§ **YOUR GOAL**
All the lines below should appear again unchanged, though their pictures should not.

§ **SOURCE DATA**

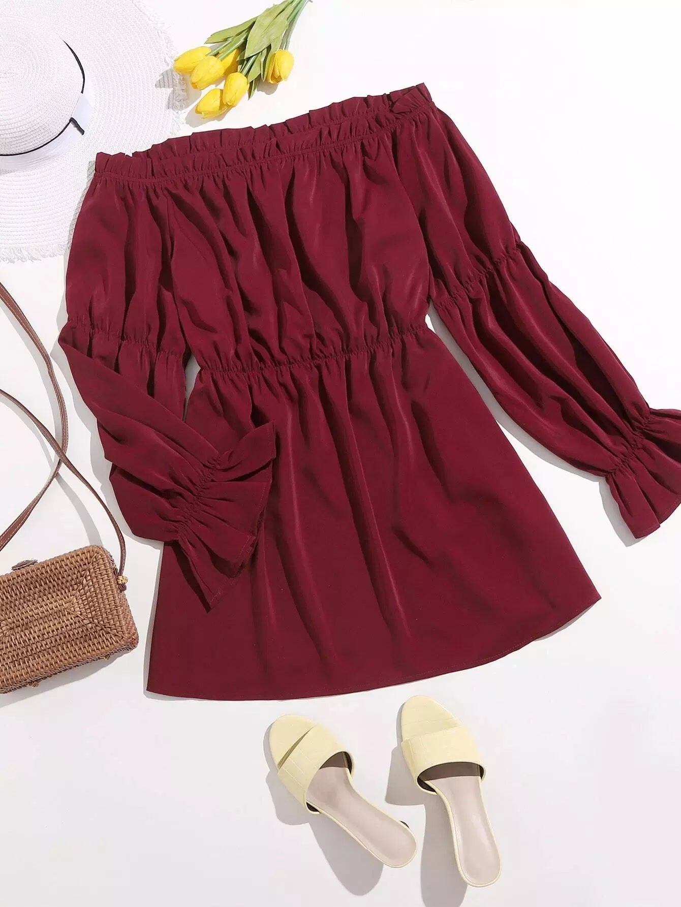 Plus Solid Frill Trim Babydoll Blouse
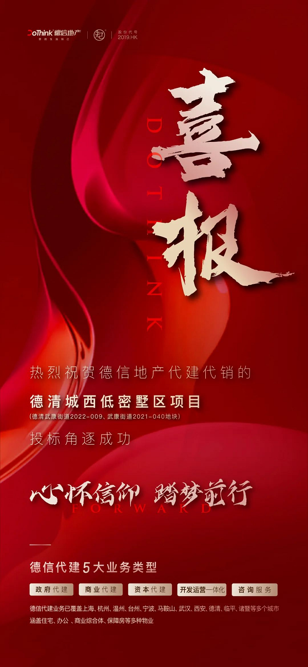 喜报:恭贺德信地产代建代销的德清城西低密墅区项目投标角逐成功,心怀信仰,踏梦前行
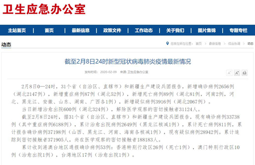 人民网北京2月9日电(董童)国家卫生健康委于9日在官网发布的《截至2月8日24时新型冠状病毒肺炎疫情最新情况》(以下简称“情况”)称,2月8日0—24时,31个省(自治区、直辖市)和新疆生产建设兵团报告,新增确诊病例2656例(湖北2147例),新增重症病例87例(湖北52例),新增死亡病例89例(湖北81例,河南2例,河北、黑龙江、安徽、山东、湖南、广西各1例),新增疑似病例3916例(湖北2067例)。当日新增治愈出院600例(湖北324例),解除医学观察的密切接触者31124人。
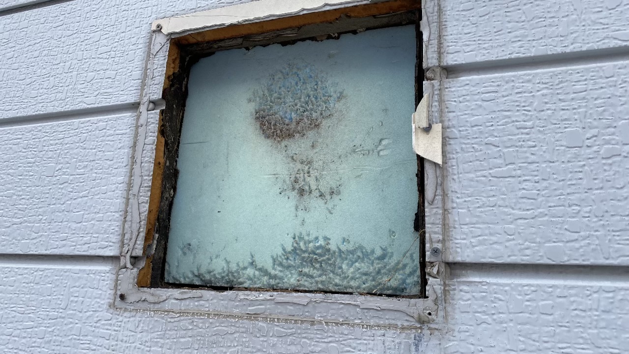 北広島市は雪深い時期もあり、屋根からの落雪による外壁設備の破損が少なくありません。今回お伺いしたお宅でも、プラスチック製の換気フードが経年劣化と雪の衝撃によって原型を留めないほど粉々になっていました。

§ **SOLUTION TO THIS PROBLEM**
 Plus Solid Frill Trim Babydoll Blouse
 喜报:恭贺德信地产代建代销的德清城西低密墅区项目投标角逐成功,心怀信仰,踏梦前行
 人民网北京2月9日电(董童)国家卫生健康委于9日在官网发布的《截至2月8日24时新型冠状病毒肺炎疫情最新情况》(以下简称“情况”)称,2月8日0—24时,31个省(自治区、直辖市)和新疆生产建设兵团报告,新增确诊病例2656例(湖北2147例),新增重症病例87例(湖北52例),新增死亡病例89例(湖北81例,河南2例,河北、黑龙江、安徽、山东、湖南、广西各1例),新增疑似病例3916例(湖北2067例)。当日新增治愈出院600例(湖北324例),解除医学观察的密切接触者31124人。
 北広島市は雪深い時期もあり、屋根からの落雪による外壁設備の破損が少なくありません。今回お伺いしたお宅でも、プラスチック製の換気フードが経年劣化と雪の衝撃によって原型を留めないほど粉々になっていました。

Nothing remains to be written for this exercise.